OpenAI has taken another step in the artificial intelligence (AI) arms race.
The preeminent generative AI company recently introduced OpenAI o3, a system capable of “reasoning” math, science and computer programming problems. The new system is a successor to o1, a reasoning system that debuted earlier in 2024 and is now available to businesses and individuals; o3 is more than 20% more accurate than o1 and is currently being tested by safety and security experts.
“This model is incredible at programming,” OpenAI CEO Sam Altman said in an online presentation that acted as an introduction of o3. Based on the same core technology as the original ChatGPT, o3 is designed to think through problems by deconstructing a problem into segments and then logically taking steps to solve it. However, like ChatGPT, o3 can hallucinate and get things wrong — and the new system requires larger amounts of computing power that can be expensive.

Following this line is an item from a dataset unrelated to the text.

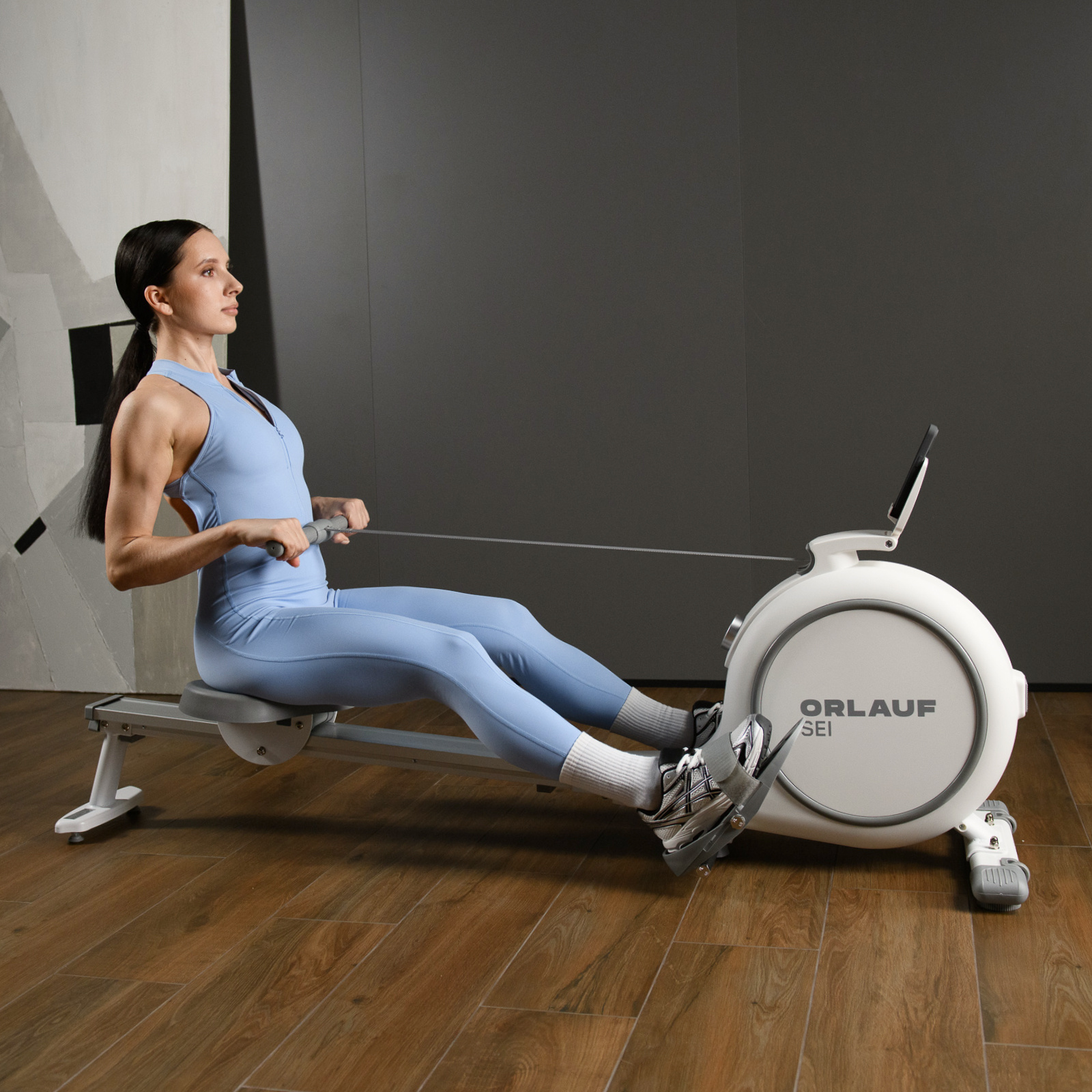 Гребной тренажер Orlauf Sei — это ваш идеальный партнер для полноценных тренировок, не выходя из дома. Он сочетает кардио и силовую нагрузку, одновременно задействуя до 85% мышц тела: ноги, спину, руки, плечевой пояс и пресс. Электромагнитная система Vectra™ с 32 уровнями сопротивления и плавный ход маховика Roterra™ 5 кг позволяют точно дозировать нагрузку, делая тренировки эффективными и безопасными для суставов.

The new system, built on what OpenAI calls “reinforcement learning,” carried out a series of common programming tasks and even out-performed the company’s chief scientist, Jakub Pachocki, on a programming test.
Ultimately, OpenAI’s latest chatbot illustrates a larger effort by the company and the industry in general to build AI systems that can reason through complex tasks, leading to technology that can be used by computer programmers who rely on AI to write code. To that end, Google last month unveiled Gemini 2.0 Flash Thinking Experimental, which boasts similar capabilities to o3.
The AI reasoning race — particularly between OpenAI (backed by Microsoft Corp.), Google and Anthropic (backed by Amazon.com Inc.) — is among the crucial factors in determining which company establishes itself as an early leader in a potentially multitrillion-dollar market.
Indeed, OpenAI last month announced its plan to restructure as a public benefit corporation (P.B.C.) from nonprofit status.
“The P.B.C. is a structure used by many others that requires the company to balance shareholder interests, stakeholder interests and a public benefit interest in its decision making,” OpenAI said in a blog post. “It will enable us to raise the necessary capital with conventional terms like our competitors.”
The plan “would result in one of the best resourced nonprofits in history,” OpenAI said in the blog.
OpenAI’s corporate transformation comes a year after the company board unsuccessfully tried to fire Altman. Subsequently, Altman helped lead a plan to pave OpenAI to for-profit status.